Arthur Trindade, é professor adjunto da Universidade de Brasília e suas principais áreas de pesquisa são violência, violência policial, segurança pública, democracia e cidadania. É coordenador do Núcleo de Estudos sobre Violência e Segurança (Nevis) da UnB

“É uma iniciativa importante, mas que precisa ser acompanhada de treinamento adequado para não causar transtornos. O trabalho dos policiais com a nova tecnologia deve ser monitorado para evitar o uso indevido e os abusos. Só comprar a arma de choque não basta. Sem treinamento adequado, o policial pode, por exemplo, usá-la em situações em que o diálogo e outras atitudes não agressivas resolveriam. A utilização de uma nova tecnologia gera desconfiança e insegurança à população, ainda mais com as notícias sobre mortes e abusos com o uso do taser em outros estados e países. É importante normas claras e que a polícia as cumpra à risca. As iniciativas que visam diminuir o uso da força policial são importantes.”

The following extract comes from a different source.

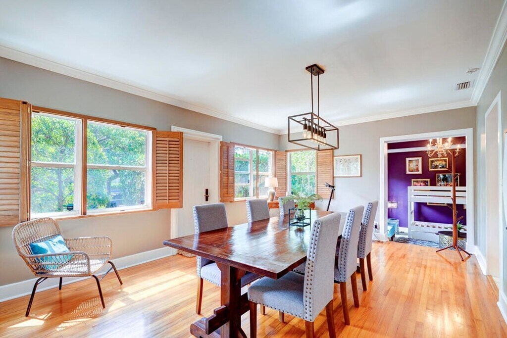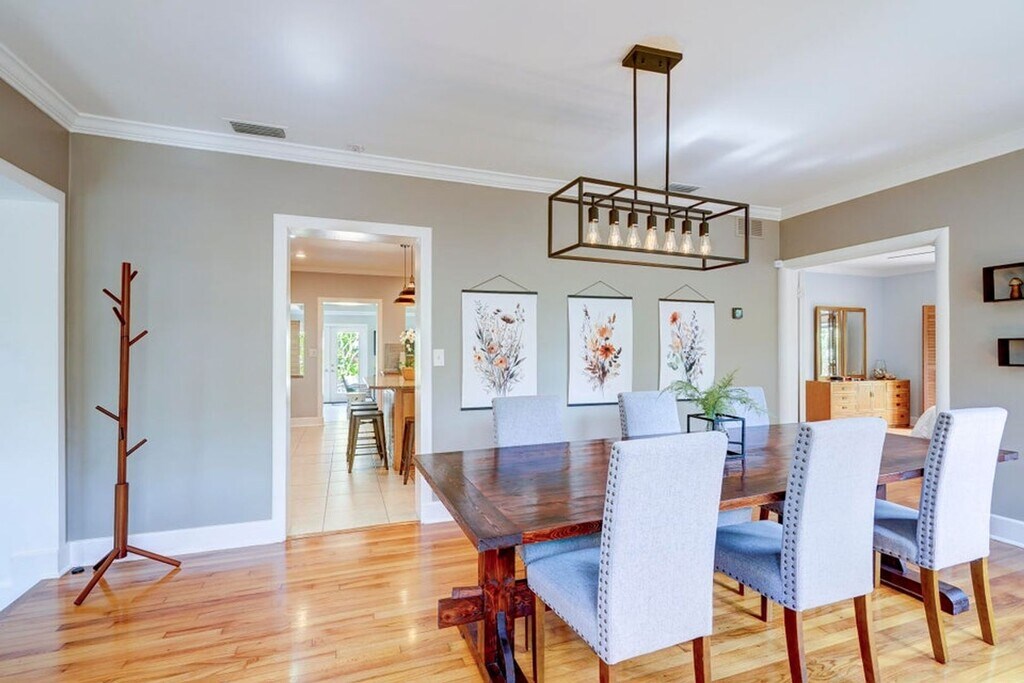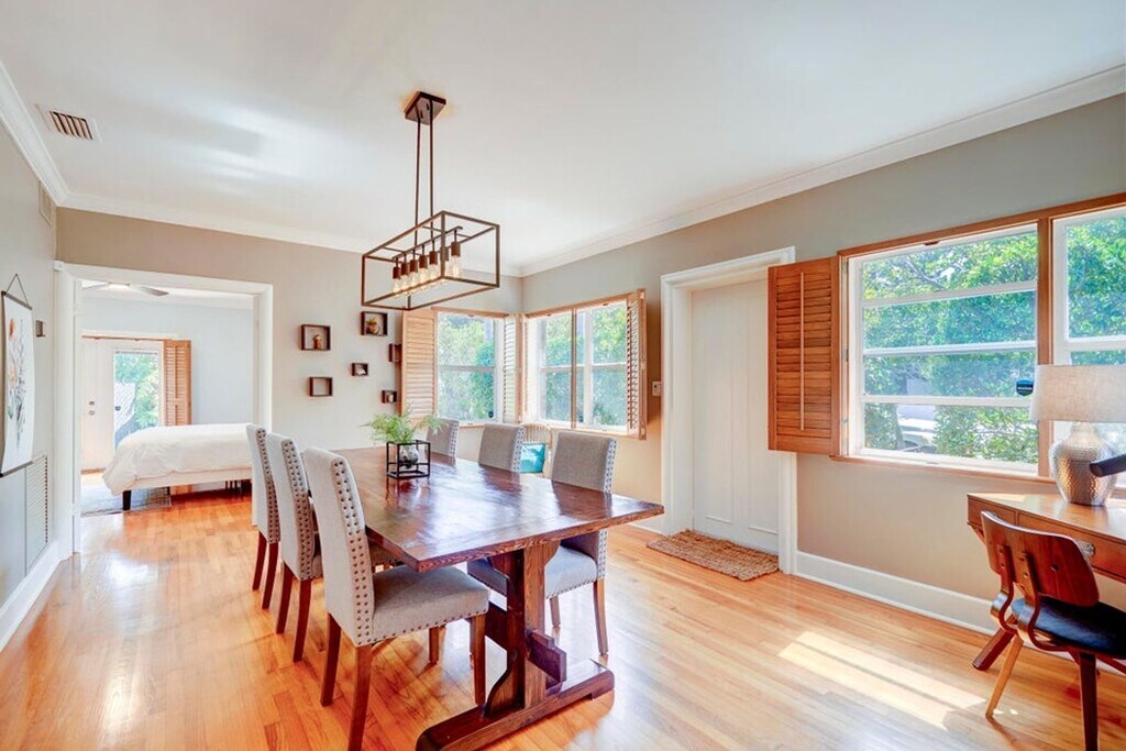 Courtesy of Coldwell Banker Realty Posted by Andrew Coleman with EXP Realty . Furnished! Move-in ready in this tropical oasis in Northwood. Charming house that is much larger than appears with beautiful garden backyard and pool. Less than 5 minutes from Downtown West Palm. Key Features: Bedrooms and Bathrooms: This spacious home boasts three generously sized bedrooms, each featuring an en-suite bathroom for ultimate privacy and convenience. Additionally, there's a versatile den that can easily serve as a fourth bedroom or home office, complemented by a half bath accessible from the pool area. Interior: Step inside to discover a thoughtfully designed floor plan with a four-way split layout, ensuring ample space and privacy for all occupants.
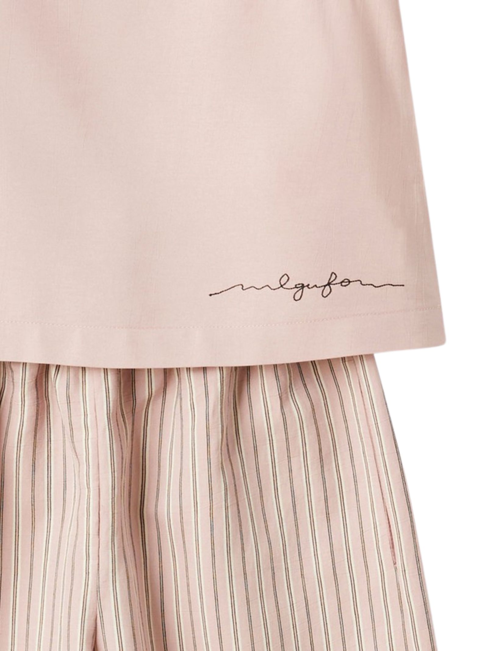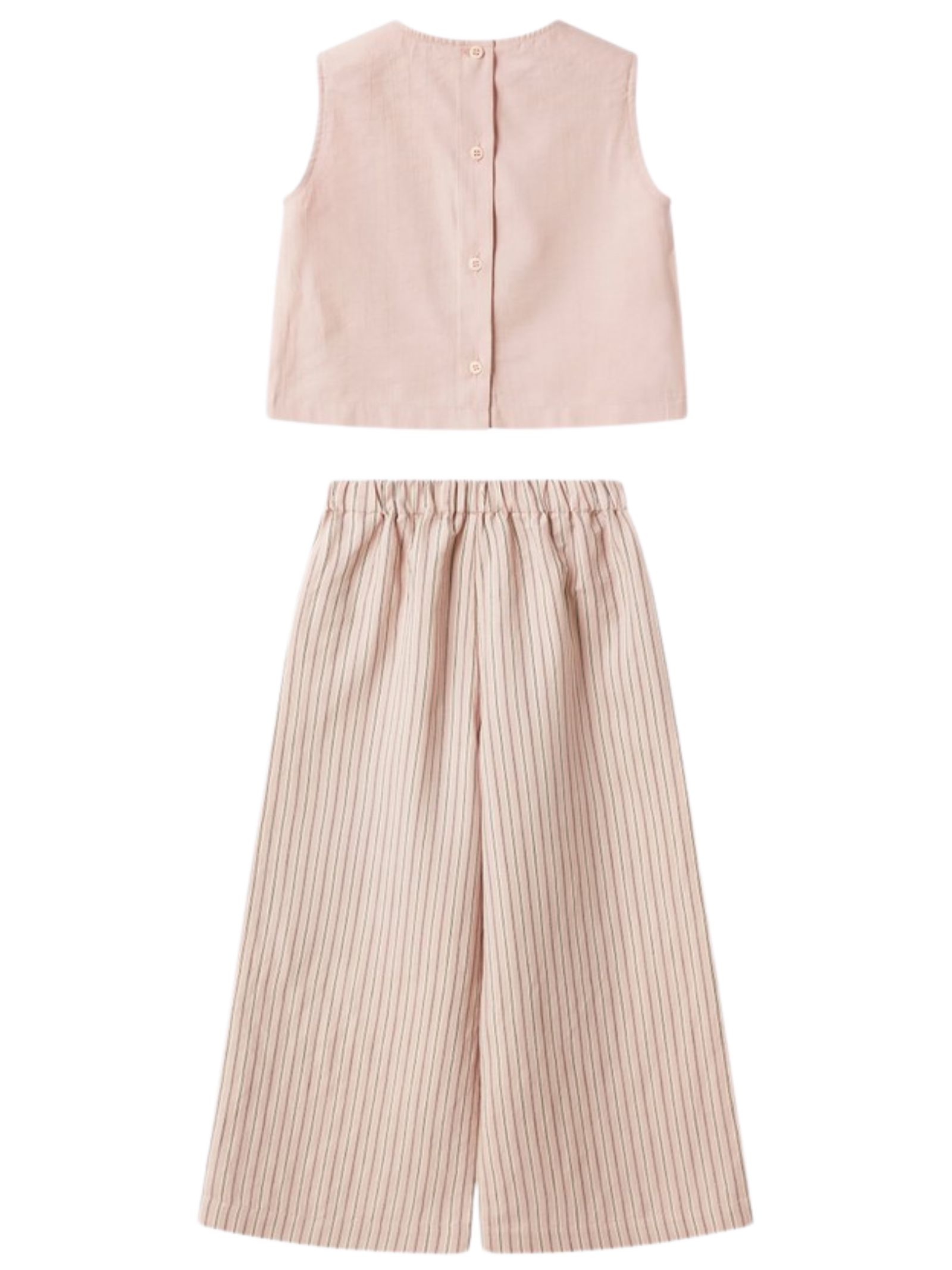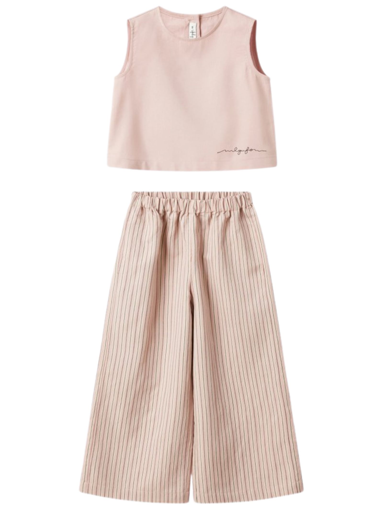 IL GUFO Kids completo in viscosa di colore rosa cipria, composto da canotta girocollo smanicata con logo lettering sul davanti e bottoncini sul retro; pantalone ampio a righe con vita elasticizzata. Composizione: 90% viscosa 10% poliestere

Marcelle Figueira, é coordenadora do curso de graduação tecnológica em segurança e ordem pública da Universidade Católica de Brasília e foi coordenadora de Análise Criminal na Secretaria Nacional de Segurança Pública do Ministério da Justiça

“O investimento em armas não letais é uma iniciativa a ser aplaudida. A implantação da tecnologia é extremamente positiva. Ela cria a possibilidade de a polícia agir sem usar as armas de fogo, que causam danos muito mais sérios. É um recurso anterior, menos violento e capaz de cessar uma ação criminosa sem vítimas.  Alguém atingido por uma taser tem muito mais chances de sobreviver do que alguém atingido por uma de calibre .40. As armas de choque não são novidades.Exemplos de outros países, estados e até aqui do Distrito Federal podem ser usados na capacitação dos policiais. O treinamento é importante. Mas não acredito que por portar uma arma menos letal os policiais vão usá-la sem controle e em situações inadequadas.”